**YOUR ASSIGNMENT:**
Below are some records. Return exactly their lines from the one containing "문의: 031-645-3848 |" through the one containing "Projetado para coordenar", and drop the pictures.

**INPUT RECORDS:**
——————————
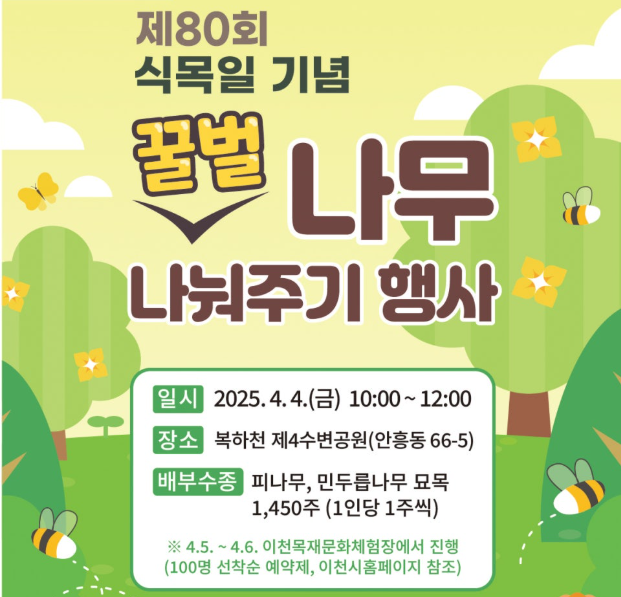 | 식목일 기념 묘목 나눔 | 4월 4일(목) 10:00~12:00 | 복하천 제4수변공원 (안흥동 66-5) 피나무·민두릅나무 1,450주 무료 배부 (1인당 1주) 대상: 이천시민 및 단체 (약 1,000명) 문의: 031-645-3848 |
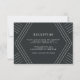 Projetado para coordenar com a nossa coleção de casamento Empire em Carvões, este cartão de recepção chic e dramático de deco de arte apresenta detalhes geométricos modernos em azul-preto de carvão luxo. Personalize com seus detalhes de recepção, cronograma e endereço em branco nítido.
——————————
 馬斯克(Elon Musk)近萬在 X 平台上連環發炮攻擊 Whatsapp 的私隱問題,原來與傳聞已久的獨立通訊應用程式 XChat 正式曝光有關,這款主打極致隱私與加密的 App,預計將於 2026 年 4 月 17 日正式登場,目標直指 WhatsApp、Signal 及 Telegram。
——————————
**FINAL ANSWER:**
 | 식목일 기념 묘목 나눔 | 4월 4일(목) 10:00~12:00 | 복하천 제4수변공원 (안흥동 66-5) 피나무·민두릅나무 1,450주 무료 배부 (1인당 1주) 대상: 이천시민 및 단체 (약 1,000명) 문의: 031-645-3848 |
 Projetado para coordenar com a nossa coleção de casamento Empire em Carvões, este cartão de recepção chic e dramático de deco de arte apresenta detalhes geométricos modernos em azul-preto de carvão luxo. Personalize com seus detalhes de recepção, cronograma e endereço em branco nítido.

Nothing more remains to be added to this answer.